• _Exercise directions_
Once the line with "The following people" is found in the entries below, repeat it and each following line exactly, up to and including the line with "The cabin I built to be used for a garage.". Add no other lines.

[[ Information, beginning ]]

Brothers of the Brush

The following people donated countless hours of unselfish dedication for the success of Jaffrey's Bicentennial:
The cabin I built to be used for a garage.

[[ Information, end ]]
[[ Information, beginning ]]

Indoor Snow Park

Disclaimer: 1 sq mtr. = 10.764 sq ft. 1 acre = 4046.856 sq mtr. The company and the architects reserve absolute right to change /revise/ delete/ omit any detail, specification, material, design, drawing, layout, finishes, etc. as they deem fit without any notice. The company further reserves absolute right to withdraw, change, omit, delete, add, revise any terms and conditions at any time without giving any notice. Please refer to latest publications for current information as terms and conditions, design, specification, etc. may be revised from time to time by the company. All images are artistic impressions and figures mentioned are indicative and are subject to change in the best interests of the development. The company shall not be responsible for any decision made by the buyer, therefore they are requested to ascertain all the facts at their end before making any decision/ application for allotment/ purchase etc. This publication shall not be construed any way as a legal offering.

[[ Information, end ]]

• _Your response_
The following people donated countless hours of unselfish dedication for the success of Jaffrey's Bicentennial:
The cabin I built to be used for a garage.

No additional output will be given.